== Segment start ==

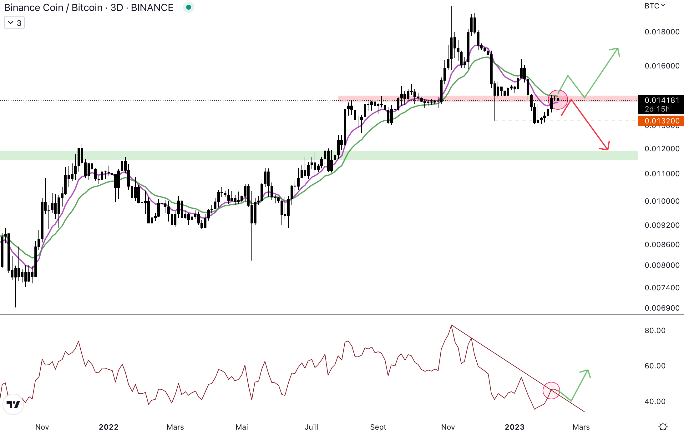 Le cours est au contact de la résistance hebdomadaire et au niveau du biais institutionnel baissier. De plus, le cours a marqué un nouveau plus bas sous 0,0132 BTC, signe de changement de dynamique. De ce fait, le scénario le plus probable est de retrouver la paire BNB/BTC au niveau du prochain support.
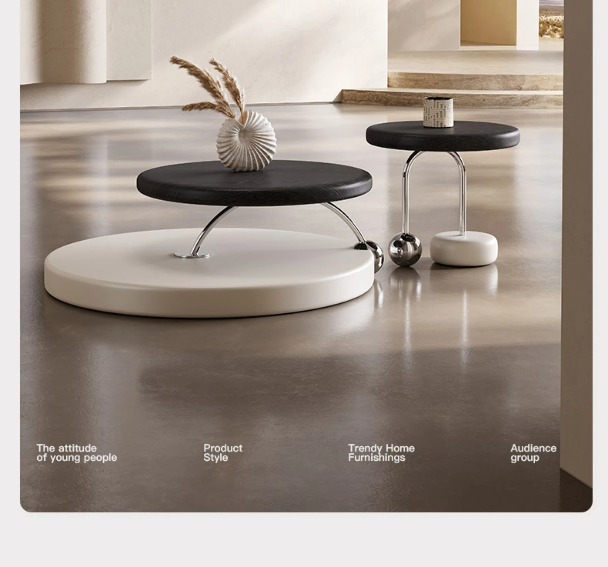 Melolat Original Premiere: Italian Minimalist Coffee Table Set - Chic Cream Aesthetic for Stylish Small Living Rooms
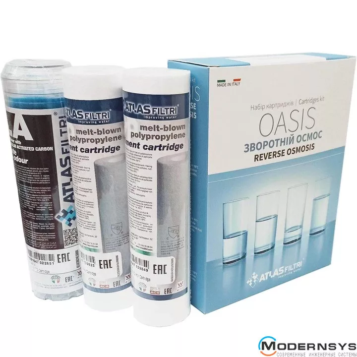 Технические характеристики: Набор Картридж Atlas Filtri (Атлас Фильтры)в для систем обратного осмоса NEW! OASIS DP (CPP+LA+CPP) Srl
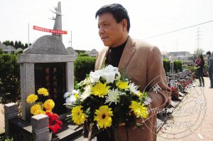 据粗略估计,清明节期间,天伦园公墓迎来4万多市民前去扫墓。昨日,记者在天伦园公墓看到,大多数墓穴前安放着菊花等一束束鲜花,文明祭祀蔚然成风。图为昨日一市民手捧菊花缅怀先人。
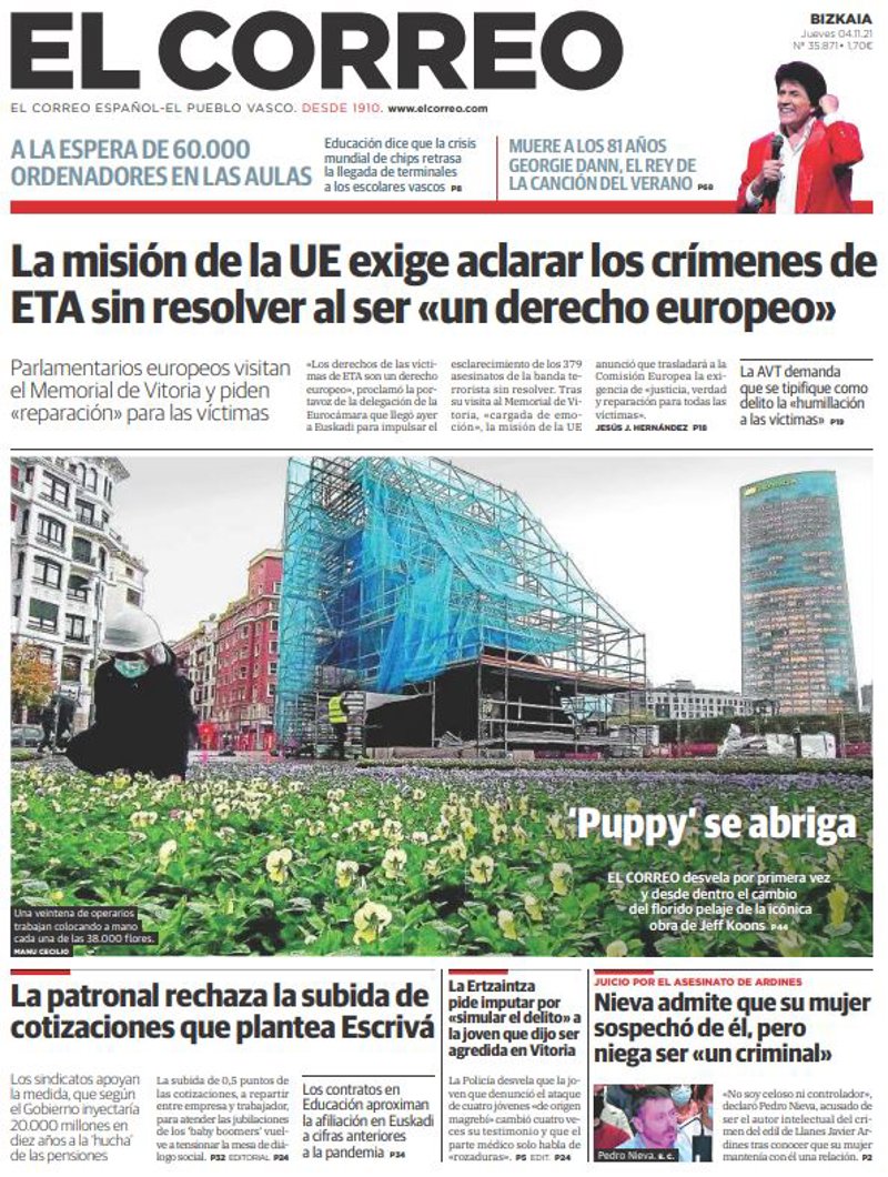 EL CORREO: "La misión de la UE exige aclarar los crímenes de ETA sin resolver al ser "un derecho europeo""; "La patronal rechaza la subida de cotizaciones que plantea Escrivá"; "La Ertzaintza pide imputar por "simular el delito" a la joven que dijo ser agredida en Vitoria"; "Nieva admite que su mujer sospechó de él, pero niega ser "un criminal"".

== Segment end ==

BRIEF —
Find the line containing "Технические характеристики: Набор", then extract it and every line after it to the end of the data above, exactly and nothing else, without pictures.

YOUR SOLUTION —
 Технические характеристики: Набор Картридж Atlas Filtri (Атлас Фильтры)в для систем обратного осмоса NEW! OASIS DP (CPP+LA+CPP) Srl
 据粗略估计,清明节期间,天伦园公墓迎来4万多市民前去扫墓。昨日,记者在天伦园公墓看到,大多数墓穴前安放着菊花等一束束鲜花,文明祭祀蔚然成风。图为昨日一市民手捧菊花缅怀先人。
 EL CORREO: "La misión de la UE exige aclarar los crímenes de ETA sin resolver al ser "un derecho europeo""; "La patronal rechaza la subida de cotizaciones que plantea Escrivá"; "La Ertzaintza pide imputar por "simular el delito" a la joven que dijo ser agredida en Vitoria"; "Nieva admite que su mujer sospechó de él, pero niega ser "un criminal"".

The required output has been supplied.